钟林混乱的思绪在不断重组,他的意识愈发清明。
“这里……还是旅顺吗?”
少女点了点头。
“外面,怎么样了?”
话音刚落,少女原本清澈的眼神黯淡了下去,低声说道:“所有人都上了城墙,毛大帅正领着全城一起打建奴。”
“他怎么样!”钟林猛地反应了过来,想要起身却无能为力。
“你还很虚弱,不能多动,爹爹现在吃住在城墙上照料伤员,他没法及时赶回来。
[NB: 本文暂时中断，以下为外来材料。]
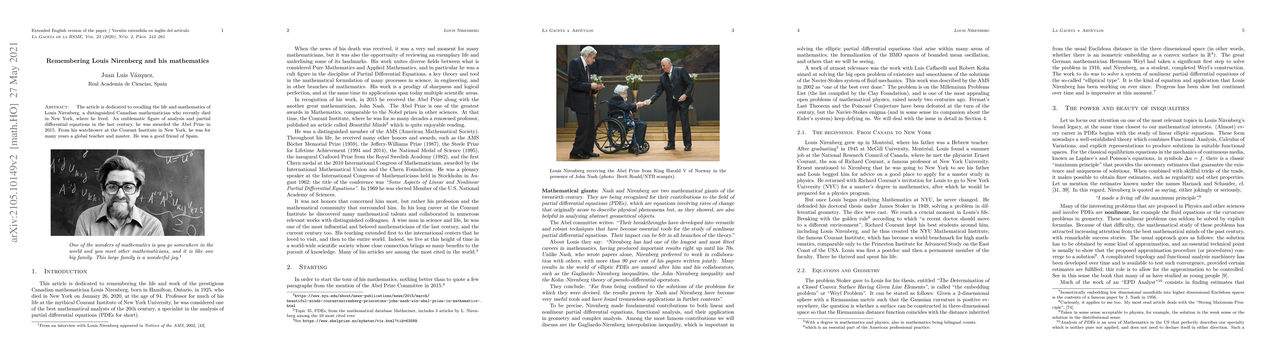 The article is dedicated to recalling the life and mathematics of Louis Nirenberg, a distinguished Canadian mathematician who recently died in New York, where he lived. An emblematic figure of Analysis and Partial Differential Equations in the last century, he was awarded the Abel Prize in 2015. From his watchtower at the Courant Institute in New York, he was for many years a global teacher and master. He was a good friend of Spain.
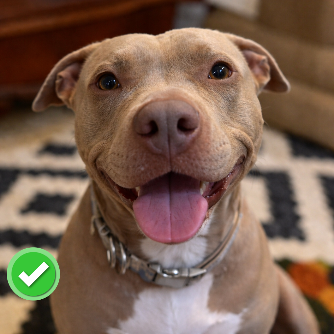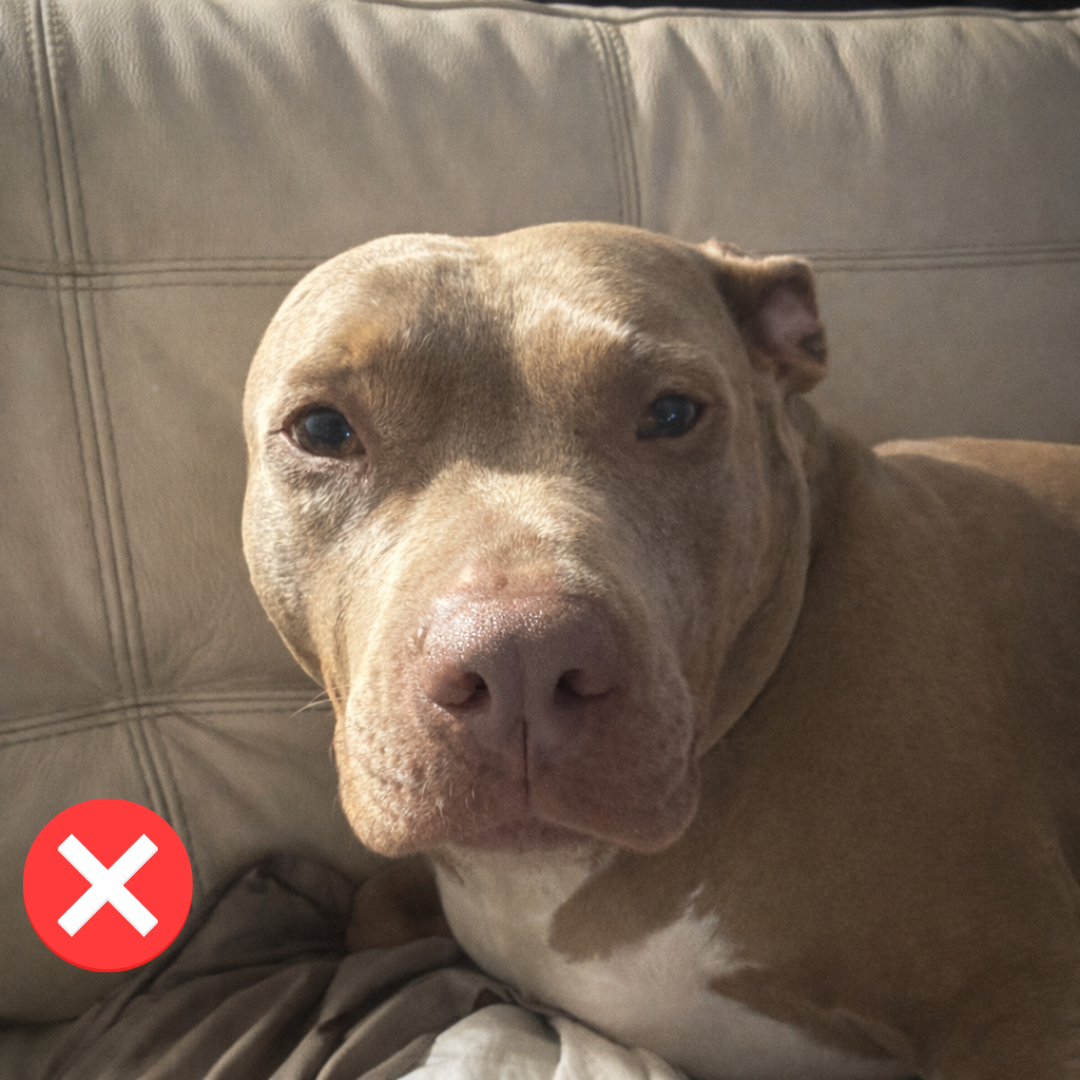 Your dog’s entire face and neck must be clearly visible. No cropped ears, chin, or head. Avoid shadows covering the eyes or muzzle.
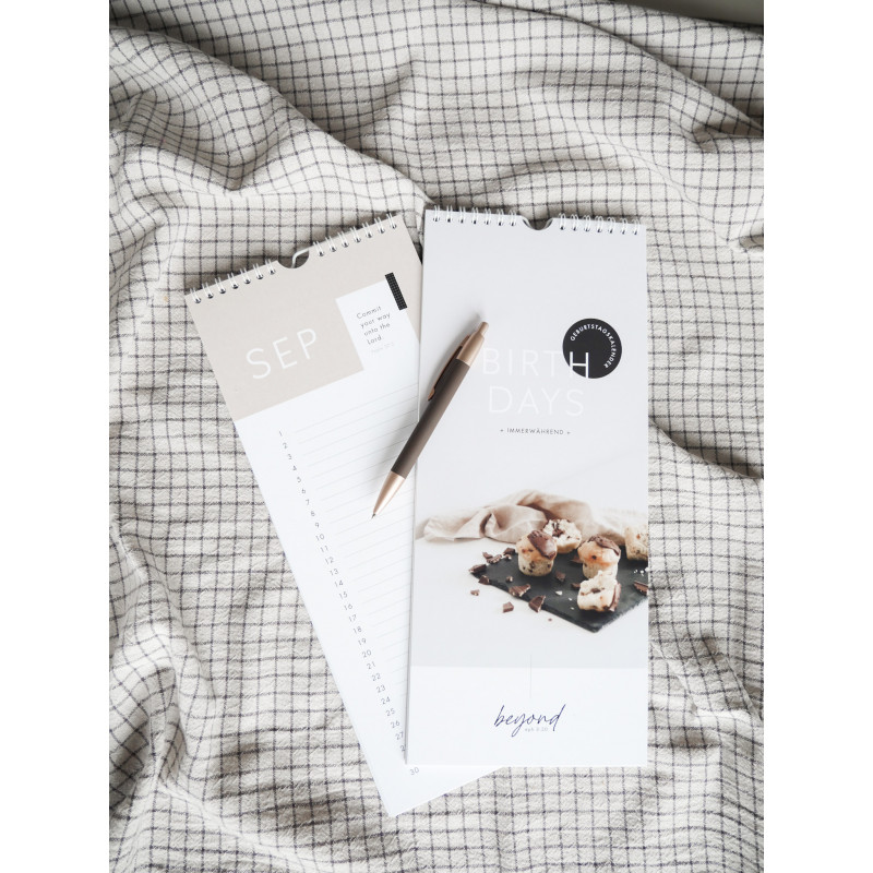 Moderner Geburtstagskalender mit Ringspirale und Aufhänger. Jeden Monat begleitet ein englischer Bibelvers.
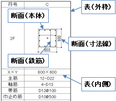 | リスト図 | 表(外枠) | 表(内側) | 断面(本体) | 断面(鉄筋) | 断面(寸法線) |
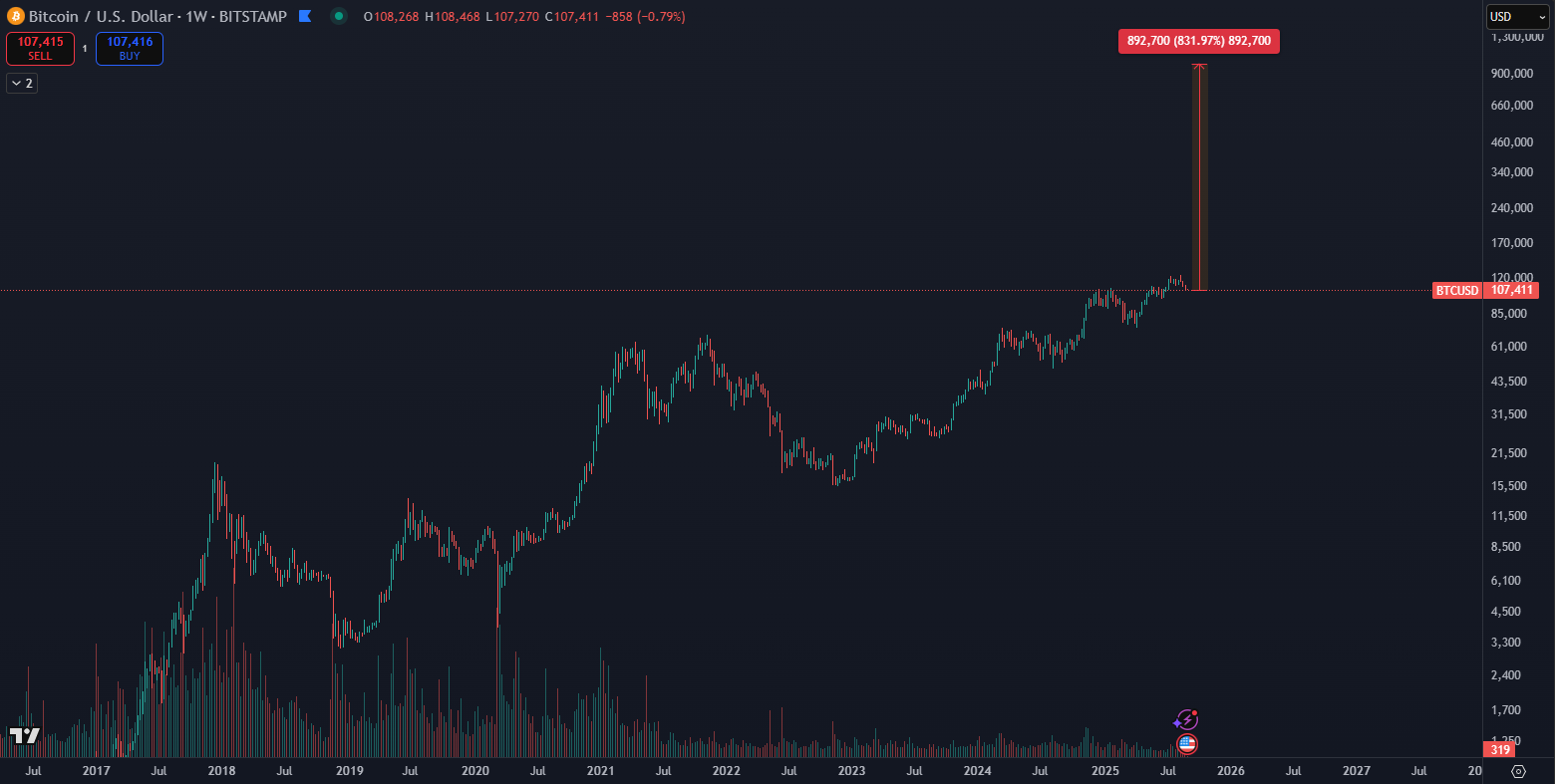 Podľa údajov platformy TradingView by musel BTC vzrásť zo svojej súčasnej úrovne približne o 832 %, aby sa dostal na hranicu jedného milióna dolárov. Takýto rast by predstavoval historický míľnik nielen pre kryptomeny, ale aj pre celosvetový finančný systém a investorov.
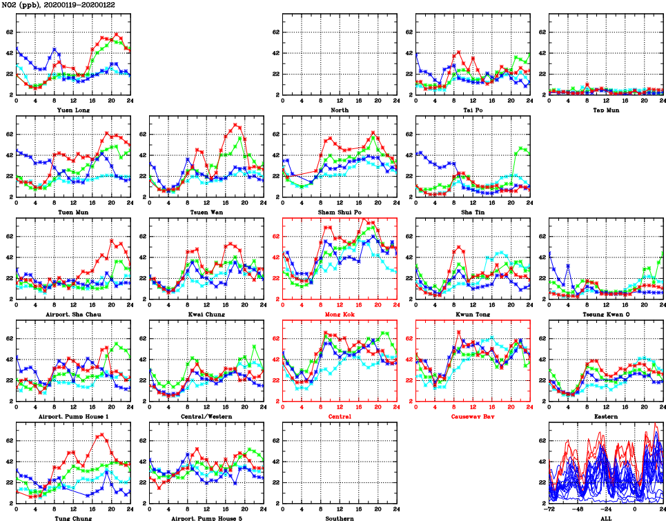 | Air Quality Data Time Series for NO2 (2020/01/22) | ( Line colors: Day -3 Day -2 Day -1 Current day ) | 2D Map Current AQHI |
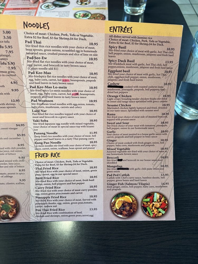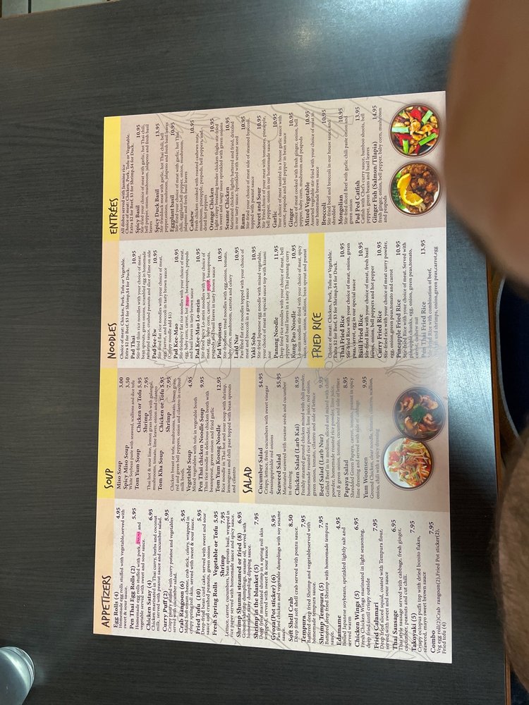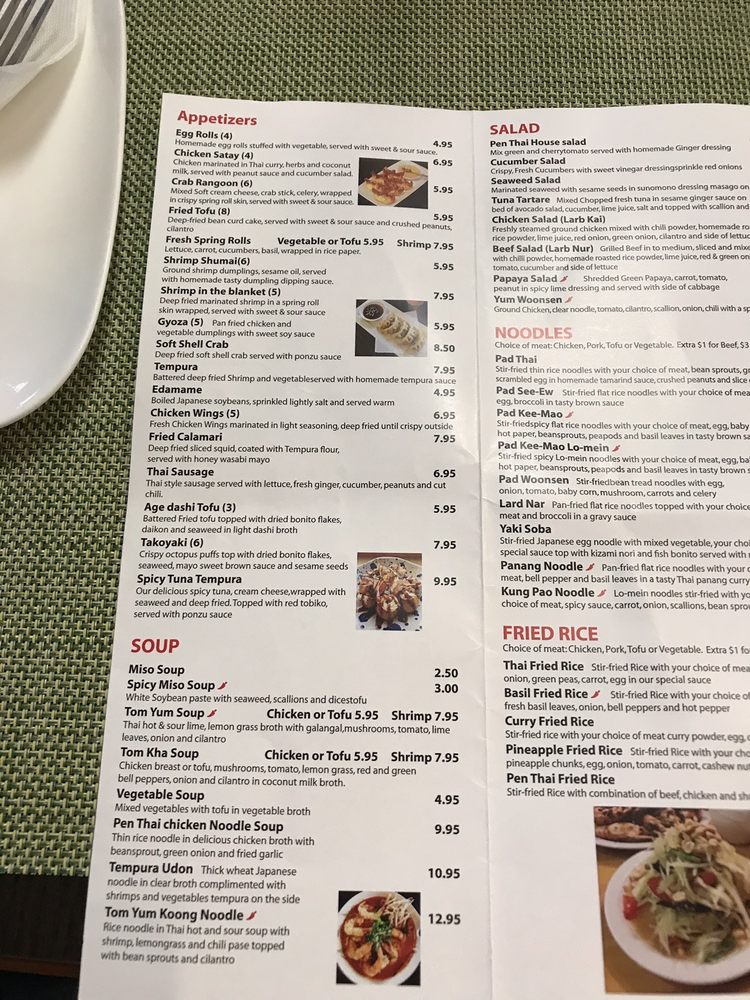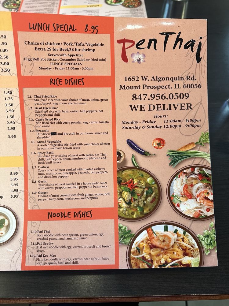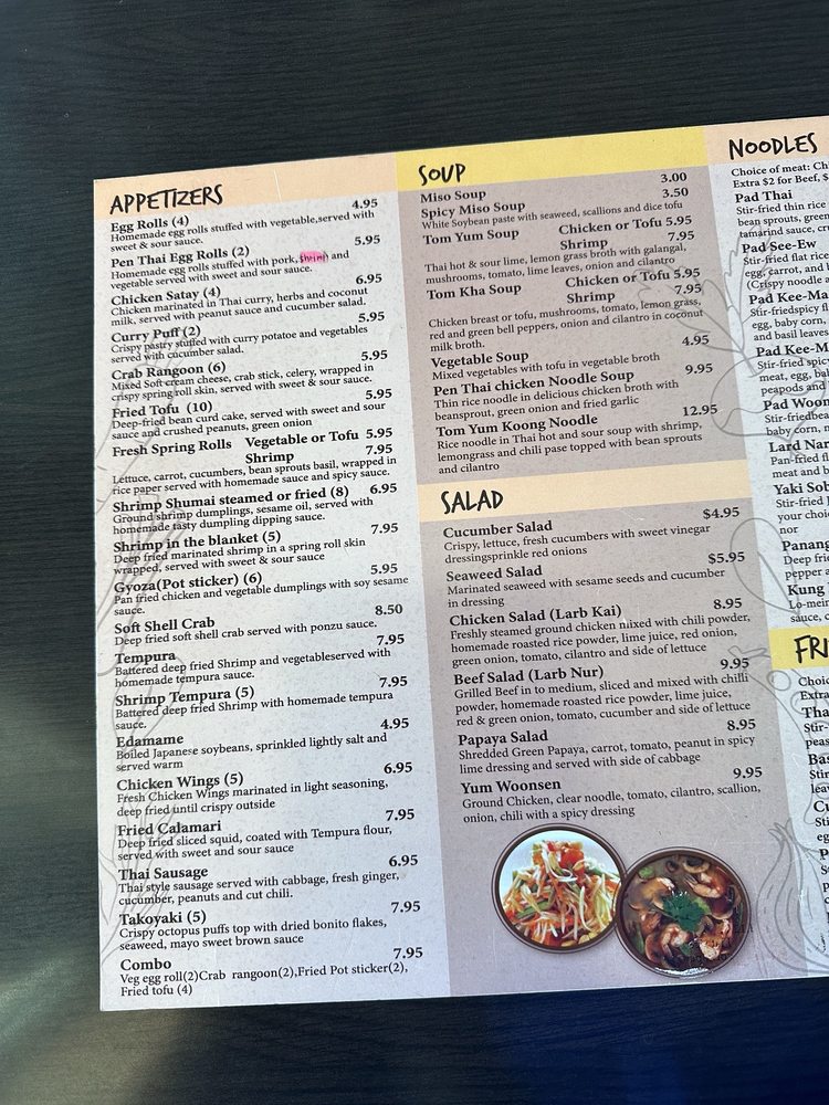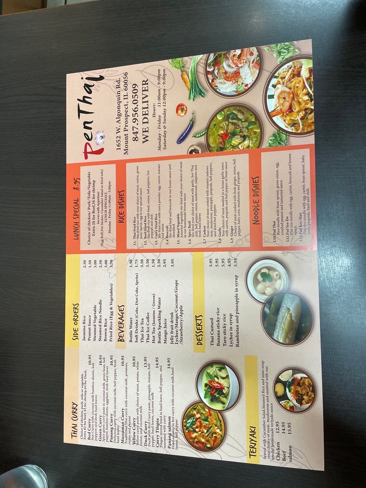 Introducing the menu at Pen Thai, a Thai restaurant offering a range of flavorful dishes and a cozy atmosphere in Mount Prospect, IL. With a focus on fresh ingredients and bold flavors, Pen Thai impresses customers with its diverse menu. From crispy Egg Rolls and Chicken Satay to fragrant Tom Yum Soup and creamy Tom Kha Soup, there is something for every palate. Customer reviews praise the Kung Pao Noodle, Pad Kee Mao, and Pen Thai Egg Rolls for their freshness and flavor, making them must-try items. The restaurant also offers a variety of beverages, including Thai Iced Tea and Hot Coffee. With friendly service and vegetarian options available, Pen Thai is a recommended spot for a delicious Thai dining experience.

”
青衣少女安抚道,将凌乱的被子往钟林身上盖了盖。
“姑娘,敢问怎么称呼?”
“小女吴青玉,家父吴东避,这里是旅顺东避医馆。”
“吴小姐,我昏迷的这些天都发生了什么?”
吴青玉沉默了片刻,神情愈发忧愁了起来。
她熟练地帮钟林整理了身上的睡衣,又将茶碗倒满清水,把桌上的蜡烛放到了床头柜上。
“死了很多人,都是鞑子杀的,也有自己人杀的。”吴青玉苦涩地说道。
“自己人杀的?”
吴青玉轻轻点了点头,继续说道:“那个叫秦江的员外郎,不知道在哪纠集了一批反贼想要打开城门放鞑子进城,还好让人发现了,毛大帅领着人和鞑子血战了一昼夜才将城门抢了回来,自那时候起,城里的每个人便都要上城墙。”
“带我去见毛文龙。”钟林勉力调整着呼吸,向着吴青玉祈求地说道。
“大帅每天都会派人来,等天亮后你就能见到了。”吴青玉说着,吹灭了蜡烛,月光从窗外撒了进来。
“你现在最重要的是休息。”
……
迷迷蒙蒙间,钟林再也坚持不住,又一次陷入了昏迷,一直到被阳光刺醒,他看到小五正兴奋地看着自己。
“小五?”
眼前的小五一身校尉甲胄,腰间一柄崭新的雁翎刀在日光下熠熠生辉。
“钟千总!”
小五兴奋地手足无措,将钟林斜靠在了床上。
这时吴青玉捧着一盘早饭进了厢房,见到小五笨拙的动作,不由皱眉说道:“病人现在不能多动。”
说着吴青玉将一碗稀粥和二两酱黄瓜摆上了圆桌,却见小五直接单腿跪在了自己面前,抱拳行礼。
“多谢吴姑娘,你是钟字营的大恩人!”
吴青玉似乎是见多了,随意摆了摆手。
“小五。”
钟林笑着拍了拍小五的肩旁,随即吃力地起身坐到了圆桌前。